Manger trop de sucre n’est pas seulement une question de prise de poids : c’est une menace croissante pour la santé cardiovasculaire. Même si le sodium et les graisses saturées dominent souvent les discussions sur les maladies cardiaques, de plus en plus de preuves scientifiques suggèrent qu’une consommation élevée de sucre augmente considérablement le risque de problèmes cardiaques et d’accident vasculaire cérébral. Ce n’est pas seulement une question de calories ; la façon dont votre corps traite l’excès de sucre a un impact direct sur vos artères, votre taux de cholestérol et votre fonction cardiaque globale.

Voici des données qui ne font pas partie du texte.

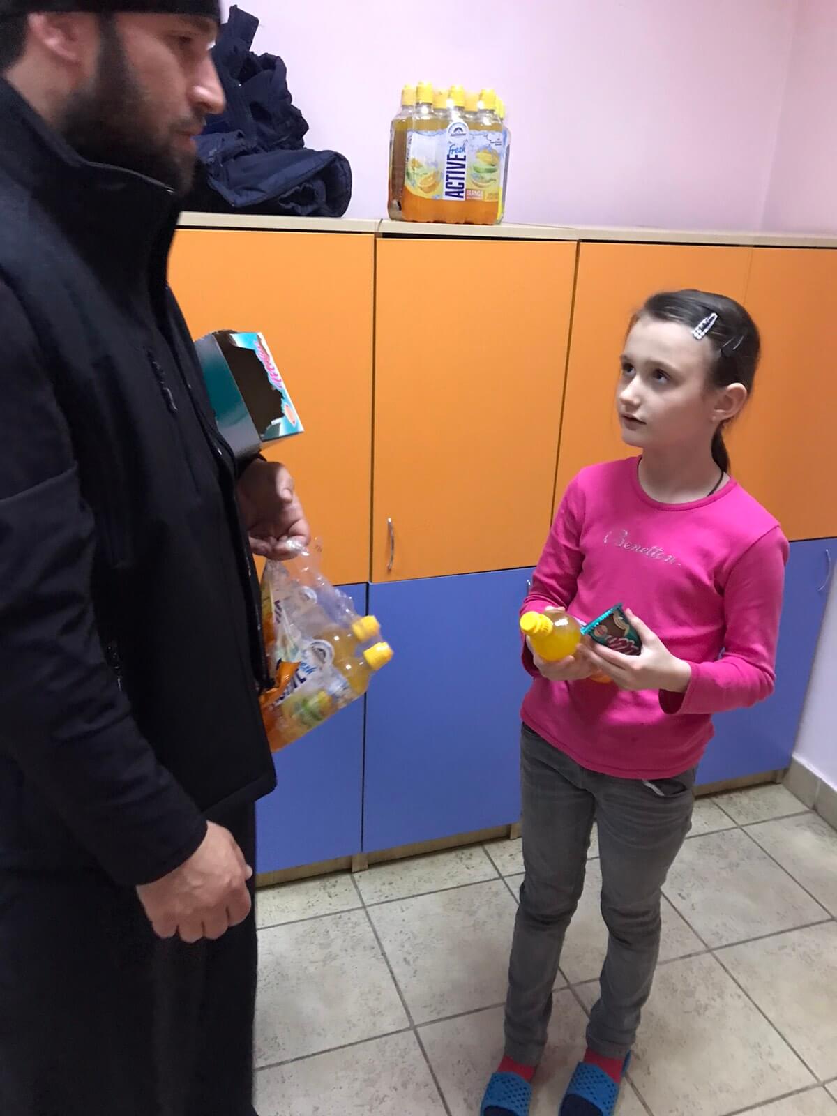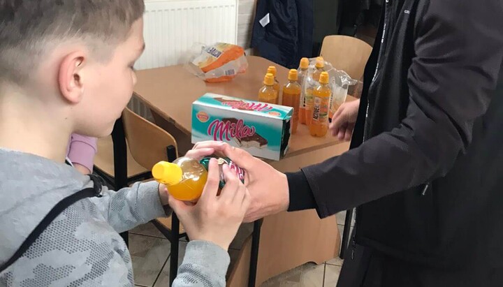 Настоятель храму передав біженцям із дітьми засоби гігієни, продукти харчування, одяг та інші необхідні речі.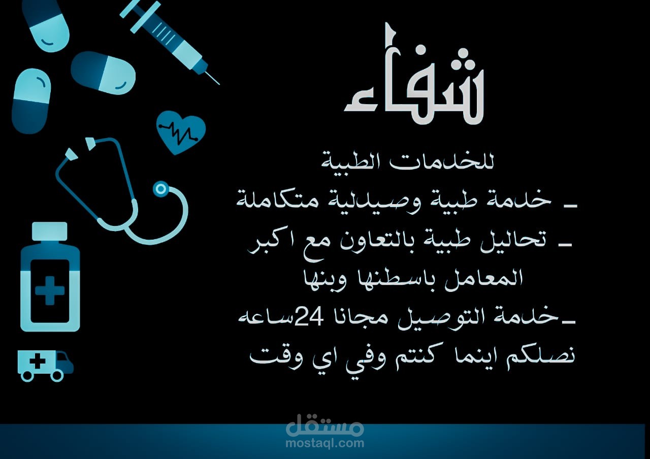 اعلانى عن افتتاح صيدليه مع تناسق الالوان مع اختيار العنوان المناسب مع التنسيق مع العميل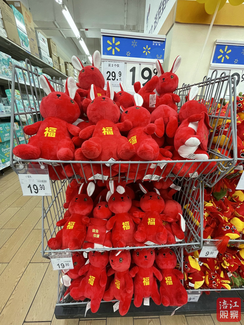 1月11日下午3時,記者來到沃爾瑪超市建國門店看到,造型各異的“兔元素”裝飾品被擺在了超市的年貨專區(qū),春聯(lián)、福字、生肖年畫、燈籠等新年商品令人目不暇接。“這些萌兔簡直太可愛了!”正在選購商品的市民方女士說,“我侄女生肖屬兔,所以我買了一對兔子玩偶送給她。”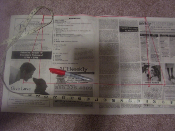 Now, on your news paper, draw a rectangle that measures your width by your length.

Comment le sucre nuit à votre système cardiovasculaire
Le danger réside principalement dans les sucres ajoutés – ceux que l’on trouve dans les aliments transformés, les boissons sucrées et même dans les produits apparemment sains comme les jus de fruits. Ces « sucres libres », comme les appellent les chercheurs, augmentent le risque de maladie cardiaque par plusieurs mécanismes clés :
- Déséquilibre du cholestérol : Lorsque votre foie a du mal à traiter l’excès de sucre, il produit plus de triglycérides (un type de graisse dans le sang) tout en abaissant simultanément les niveaux de « bon » cholestérol HDL et en augmentant le « mauvais » cholestérol LDL. Ce déséquilibre accélère le développement de la maladie coronarienne.
- Résistance à l’insuline et diabète : Des pics constants de sucre forcent votre corps à pomper de l’insuline pour réguler la glycémie. Au fil du temps, cela conduit à une résistance à l’insuline – un précurseur du diabète de type 2. Les personnes atteintes de diabète sont deux plus susceptibles de subir un accident vasculaire cérébral et les maladies cardiaques se développent plus tôt dans la vie.

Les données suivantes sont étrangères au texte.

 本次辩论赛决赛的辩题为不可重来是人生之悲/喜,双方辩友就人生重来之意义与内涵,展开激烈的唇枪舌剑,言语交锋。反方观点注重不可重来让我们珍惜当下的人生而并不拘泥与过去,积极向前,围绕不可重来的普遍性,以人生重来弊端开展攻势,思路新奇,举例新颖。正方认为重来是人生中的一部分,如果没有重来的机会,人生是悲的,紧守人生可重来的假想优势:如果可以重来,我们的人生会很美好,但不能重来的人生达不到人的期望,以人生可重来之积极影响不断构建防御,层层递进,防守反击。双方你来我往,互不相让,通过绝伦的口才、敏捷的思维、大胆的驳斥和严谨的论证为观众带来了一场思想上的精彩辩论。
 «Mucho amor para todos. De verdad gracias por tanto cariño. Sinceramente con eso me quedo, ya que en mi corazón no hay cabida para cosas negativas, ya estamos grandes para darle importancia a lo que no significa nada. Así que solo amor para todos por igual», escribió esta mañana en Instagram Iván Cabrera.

- Dommages aux vaisseaux sanguins : Une consommation élevée de sucre endommage la paroi interne des vaisseaux sanguins, favorisant l’athérosclérose – l’accumulation de plaque qui rétrécit les artères. Cela restreint le flux sanguin vers le cœur, le cerveau et d’autres organes vitaux.
- Inflammation : Des recherches émergentes associent la consommation excessive de sucre à une inflammation systémique, exacerbant le risque de maladie cardiovasculaire. L’obésité, souvent alimentée par des régimes riches en sucre, contribue encore davantage à cet état inflammatoire.

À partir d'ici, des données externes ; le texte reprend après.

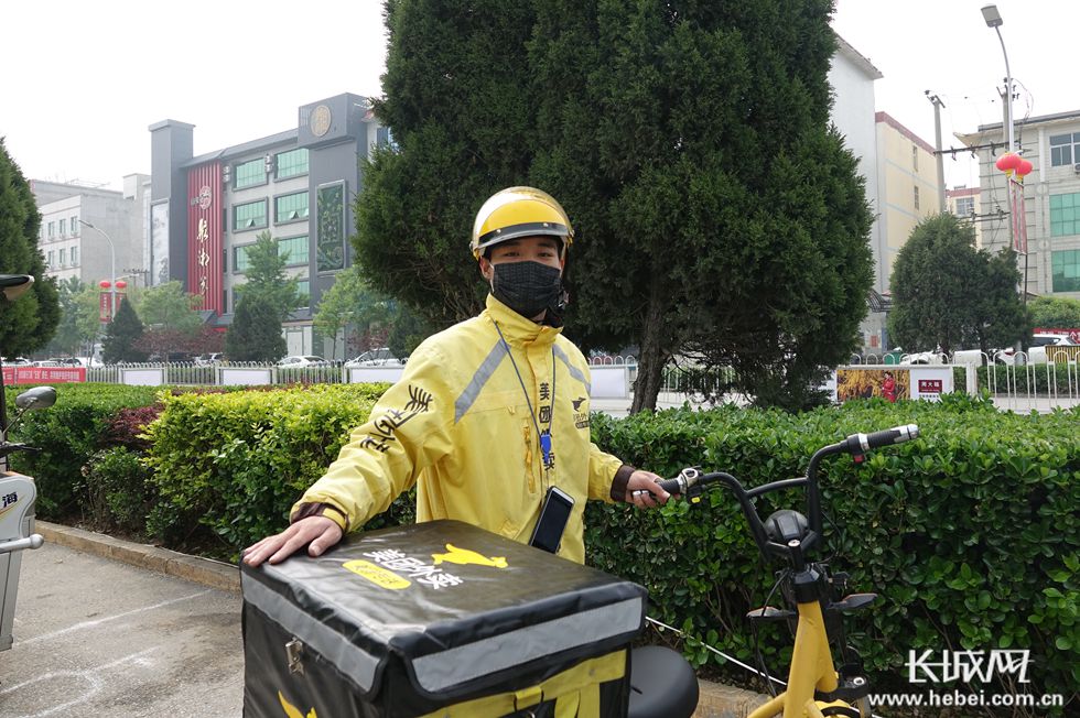 5月1日,在容城縣奧威路旁,外賣小哥正準(zhǔn)備去送打包好的外賣。霍少軒 攝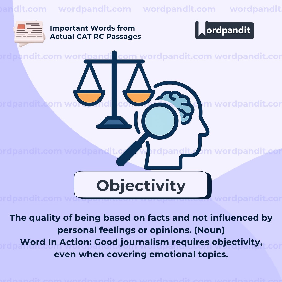 Meaning: The quality of being based on facts and free from personal bias (Noun)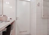 De indeling is ideaal voor wie nu of in de toekomst gelijkvloers wil wonen. Op de begane grond vind je een slaapkamer met uitzicht op de achtertuin en een badkamer met inloopdouche, designradiator en dubbele wastafel met grote spiegel, terwijl het toilet apart is geplaatst voor extra comfort en gemak.

Les chiffres ne mentent pas
Une étude de neuf ans portant sur plus de 110 000 personnes au Royaume-Uni a révélé une corrélation claire : pour chaque augmentation de 5 % de la consommation de sucre libre, le risque de maladie cardiaque augmente de 6 % et le risque d’accident vasculaire cérébral augmente de 10 %. L’Américain moyen consomme environ 17 cuillères à café de sucre ajouté par jour, soit trois fois la quantité recommandée par l’American Heart Association (AHA). L’AHA conseille de limiter le sucre ajouté à 6 % maximum de vos calories quotidiennes, ce qui équivaut à environ 6 cuillères à café (24 grammes) dans un régime standard de 2 000 calories.
Les édulcorants artificiels : une fausse solution ?
Même les édulcorants artificiels ne sont pas totalement sans risque. Une étude observationnelle récente impliquant plus de 100 000 participants a révélé que la consommation régulière d’aspartame était liée à un risque plus élevé d’accident vasculaire cérébral, tandis que l’acésulfame de potassium et le sucralose étaient associés aux maladies coronariennes. Les personnes qui consommaient des quantités importantes d’édulcorants artificiels présentaient un risque d’accident vasculaire cérébral près de 20 % plus élevé et un risque de maladie cardiovasculaire de 10 % plus élevé.
L’essentiel
Réduire la consommation de sucre ajouté est une étape essentielle vers la protection de votre cœur. Bien que l’élimination complète du sucre puisse être irréaliste pour beaucoup, une consommation consciente est essentielle. Lisez attentivement les étiquettes des aliments (le sucre ajouté est désormais répertorié), choisissez les aliments entiers plutôt que les aliments transformés et donnez la priorité à une alimentation équilibrée, faible en sodium et en graisses saturées. La santé à long terme de votre cœur en dépend.